Unlike tradition, our midsummer holiday is probably the quietest one WE spend. There’s a simple explanation!!

Fourteen years ago, the first Fourth of July my husband and I spent together, turned out to be a disaster. We made it through the entire day and then in the late evening we went swimming with some of his Yankee relatives.

They were swimming in a creek—diving out of trees. All that was missing was the swinging grapevine and alligators. Charles, my fiancée at the time, asked if the water was deep enough to dive. His cousin said it was. But those people call falling out of a tree flat on their faces diving.

So, he DIVED right in!! His feet were still sticking out of the water when his head made contact with the rock bottom.

This cute little blonde came helping him out of the water. That was one time he was very fortunate to have blood already dripping down his face! Thirteen stitches and ten days flat on his pack in traction convinced him that the water was NOT deep enough to dive!!
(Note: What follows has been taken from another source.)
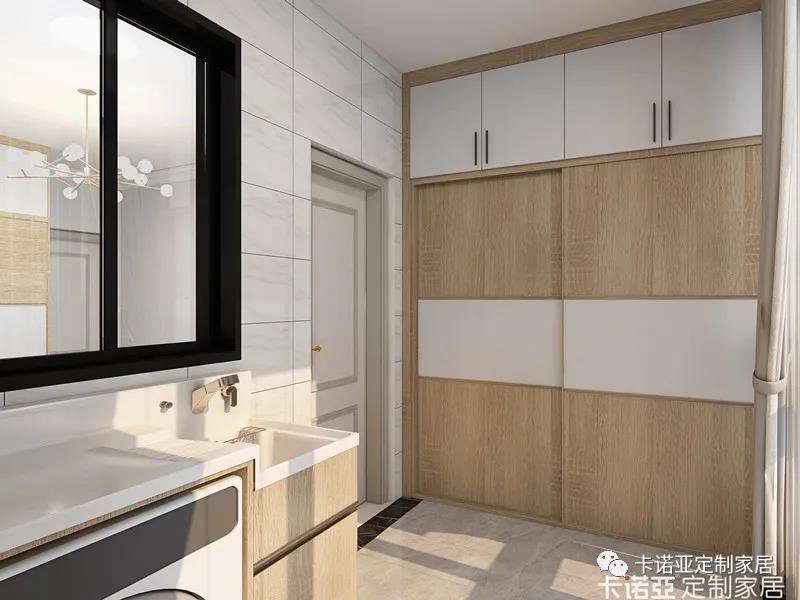 洗曬一體又休閑,陽臺兩邊打柜,一邊放洗衣機,另一邊則設計了一個衣柜。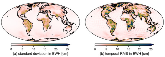 Comparison of (a) the autocovariance matrix derived from the estimated VAR model expressed as standard deviation per grid point and (b) the temporal RMS of the computed gravity field solutions.

THEN a year later when we had been married about eleven months, we decided to move to Oklahoma. It just happened to be on JULY 4 when we reached Tishomingo AND Charles met his mother-in-law for the FIRST time!!

It might not have been so bad if she hadn’t baked her famous, scrumptious hot buttermilk biscuits for the first meal. Yankee people do not make BUTTERMILK anything, so he’d never been exposed to such things. ’Course he didn’t HAVE to ask right out loud if they were SOURED, either!!

My mother had never ever heard anything but glorious praise for biscuits! The southern boys I had dated even had said they would marry me on the spot if I could only cook biscuits like my mother.

It’s a mighty good thing that looks don’t kill or fry!! Poor Charles was condemned to that fire—the one seven times hotter’n this weather we have been having—right after he was to “drop dead”! And all that without utterin’ a single word!!

So, we spend our July holiday as quietly as possible. No more swimming accidents, no more FIRST meetings, and no more buttermilk biscuits!!